Materials and Methods:
The transcriptional coactivators PGC-1a and PGC-1b regulate mitochondrial (MITO) biogenesis and fatty acid oxidation (FAO) genes. KO of PGC-1b resulted in decreased MITO volume and O2 consumption in skeletal muscle, however the impact on cardiac MITO function is unknown. Hearts predominantly metabolize FAs, however following pressure-overload hypertrophy there is a reduction in FAO and increased glycolysis that parallels a reduction in PGC-1a expression. We therefore also sought to determine the role of PGC-1b in the MITO adaptations of the heart to pressure-overload cardiac hypertrophy, induced by transverse aortic banding (AB). In non-stressed hearts maximal ADP-stimulated MITO oxygen consumption (state 3 respiration) in saponin permeabilized cardiac fibers, with pyruvate as a substrate were unchanged in PGC-1b-/- hearts (18.8 ±0.7 nmolO2/min/mg dw) relative to wildtype (WT) controls (19.4±1.0). By contrast, palmitoyl carnitine (PC) supported state 3 respirations were reduced (WT vs. KO: 16.4±0.4 vs. 11.2±0.6, p<0.01). 8-weeks following AB there was significant hypertrophy in both control (WT) and PGC-1b-/- (KO) mice (heart to tibia-length-ratio (HW/TL) 1.90±0.22 fold increase in WT and 1.63±0.11 fold in KO, p<0.01, n=12). Relative to non-banded hearts, AB reduced MITO state 3 respirations by 15% (p<0.05) and 32% (p<0.05) with pyruvate and PC respectively as substrates in WT hearts.
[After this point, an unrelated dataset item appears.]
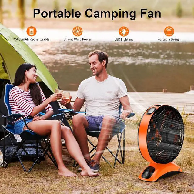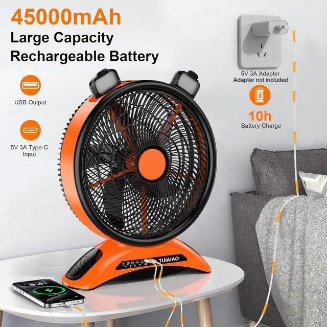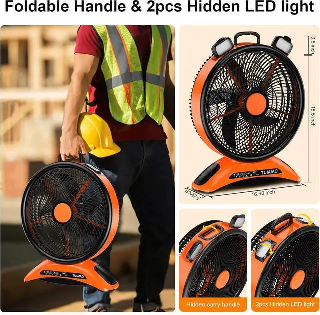 Portable & Easy to Carry: This cordless outdoor fan features a hidden top handle for effortless transport, ideal for camping tents, fishing trips, picnics, and other outdoor adventures. Its sturdy base doubles as an indoor&outdoor table fan, fitting seamlessly on desks, dining tables, and floorseven serving as a reliable construction site fan, industrial ventilator, or home ventilation solution. The durable build ensures stability in any setting, while the compact design prioritizes portability without compromising functionalit

In KO hearts, AB had no further effect on PC supported MITO respirations, but reduced pyruvate respirations by 21% (p<0.05) relative to non-banded KO hearts. AB reduced PGC-1a expression in WT and KO hearts and AB had no effect on PGC-1b expression in WT. In WT hearts, AB was associated with uniform reductions in FAO and OXPHOS gene expression (between 20-50%). In PGC-1b-/- OXPHOS gene expression was uniformly reduced in non-banded hearts (between 25-40%), but only a subset of genes (cox5b, cytochrome c oxidase and Ndufa9) were further reduced by AB. A subset of FAO genes were reduced in expression in non-banded KO hearts (MCAD, Acate and carnitine acyl/carnitine translocase), and these genes were distinct from those whose expression was only reduced in KO hearts after AB (UCP2, UCP3 and Hadh).

Conclusions:
These studies confirm an important role for PGC-1b in the regulation of MITO FA utilization in the heart but also suggest potentially non overlapping roles for PGC-1b versus PGC-1a in the MITO adaptations to pressure overload cardiac hypertrophy.